Nadia tertawa. Tak ingin suaminya ketinggalan pesawat, Ia pun masuk kembali ke dalam kamar dan menutup pintunya rapat-rapat.
Setelah itu ,terdengar suara pintu yang terbuka. Nadia yakin jika Alex memasuki kamar anak perempuan mereka untuk berpamitan. Biasanya suaminya itu akan memberikan Nadine ciuman yang banyak di puncak kepalanya sebelum ia benar-benar pergi.
Nadia mengulum senyumnya. Dirinya benar-benar merasa bahagia karena mendapatkan Alex sebagai suami dan juga ayah dari anaknya.
Jika mengingat awal pernikahan mereka, Nadia tak pernah menyangka jika Alex akan menjadi sosok laki-laki yang seperti sekarang ini. Ia begitu penuh rasa cinta, lembut, perhatian dan juga menjadikannya ratu dalam hidupnya. Dan Nadia sangat bersyukur akan hal itu.
***
Waktu pun berlalu dengan cepat. Seharusnya hari ini Nadia pergi menyusul Alex ke Jogjakarta bersama Nadine putri mereka. Tapi tanpa sepengetahuan Alex, ternyata Nadia merasa kurang sehat dua hari terakhir ini. Tubuhnya terasa lemas dan ia kehilangan nafsu makan.
Nadia mengira dirinya sakit karena kelelahan dan tidur tanpa menggunakan pakaiannya dua hari yang lalu. Pandangan matanya yang berkunang-kunang dan tubuhnya yang terasa lemas membuat Nadia membatalkan niatnya untuk menyusul sang suami.
Beruntung bagi Nadia karena Nadine sang putri kesayangan sangatlah pengertian walaupun usianya masih 6 tahun.
Melihat mamanya sakit, Nadine pun tak merasa marah ketika mereka harus membatalkan rencana untuk menyusul Alex ke Jogjakarta dan berakhir pekan.
Mendapatkan pembatalan dari Nadia membuat Alex panik. Ia memutuskan untuk segera pulang ke Jakarta dan melihat kondisi sang istri yang katanya sedang sakit.
Itulah alasan Nadia tak mau mengabari Alex jika dirinya sedang sakit. Alex pasti akan langsung menunda pekerjaan untuknya dan Nadia tak mau itu.
***
"Bagaimana keadaan Ibu ? Kenapa kalian tak memberi tahu aku ?" Terdengar gaduh suara Alex yang sepertinya baru saja tiba. Alex pasti sedang menginterogasi asisten rumah tangga mereka.
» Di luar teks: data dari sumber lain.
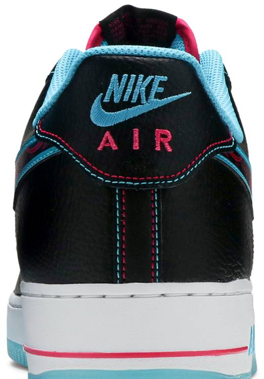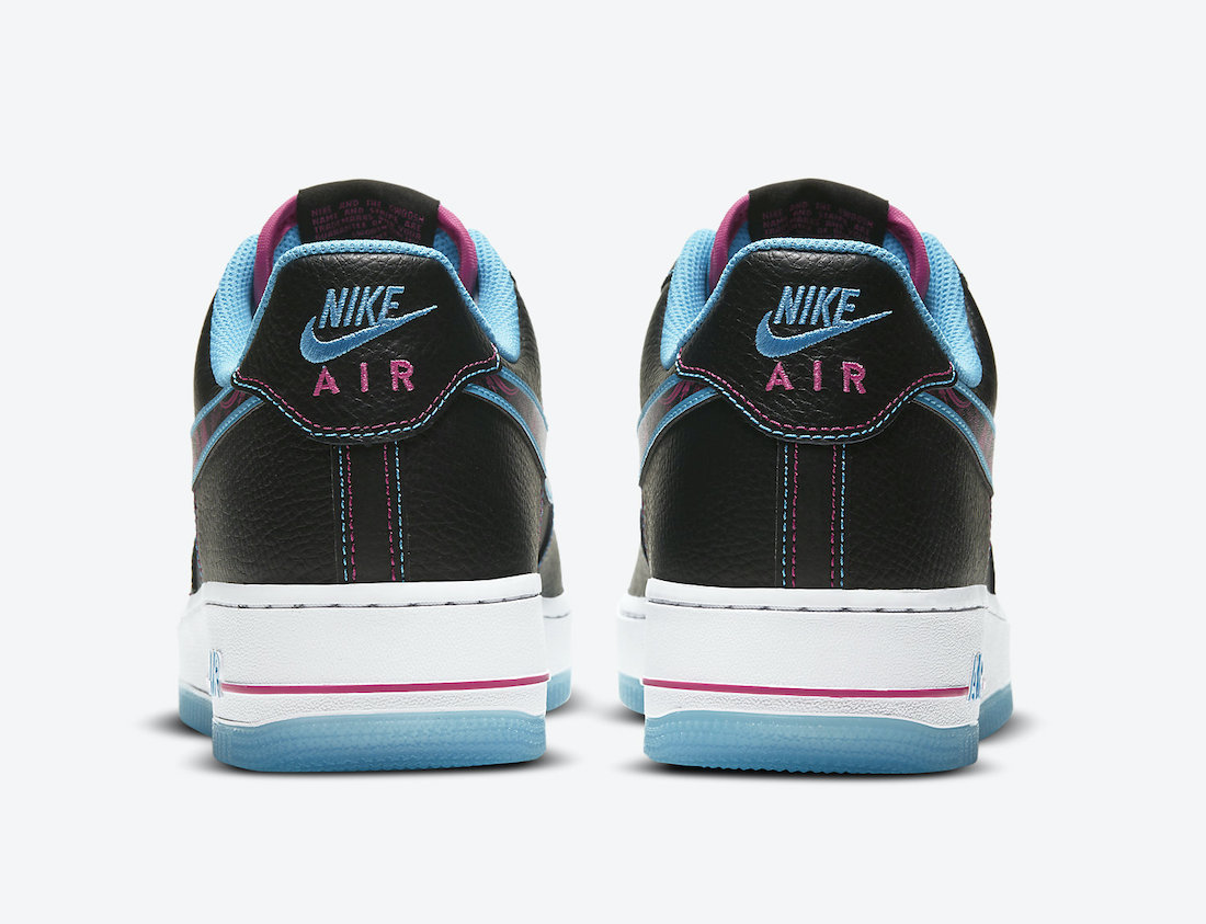 This offering of the Nike Air Force 1 features a Black tumbled leather upper with signature perforations on the toe box and side panels. Blue and Pink stitching and contrasting accents throughout, mesh tongues, and floral graphics on the Swooshes and insoles adds to the “Miami Nights” theme.

"Apa dokter sudah datang kemari ?" Terdengar Alex bertanya lagi dan Nadia pun tersenyum karenanya.
Saat ini Nadia tengah membaringkan dirinya di atas sofa yang berada di ruang keluarga ditemani Nadine yang sedang mewarnai sebuah gambar.
"Sayang...," Sapa Alex seraya melonggarkan dasinya ia berjalan tergesa pada Nadia yang terbaring lemah.
"Papa !" Pekik Nadine, ia pun berhambur pada Alex dan meminta lelaki untuk memangkunya.
Alex mengangkat tubuh Nadine tinggi-tinggi dan mencium wajah cantik gadis itu bertubi-tubi hingga Nadine kegelian dan meminta untuk diturunkan.
Setelah puas melampiaskan rasa rindu pada anak gadisnya itu, Alex pun beralih pada Nadia yang kini sudah duduk tegak dan bersandar di sofa.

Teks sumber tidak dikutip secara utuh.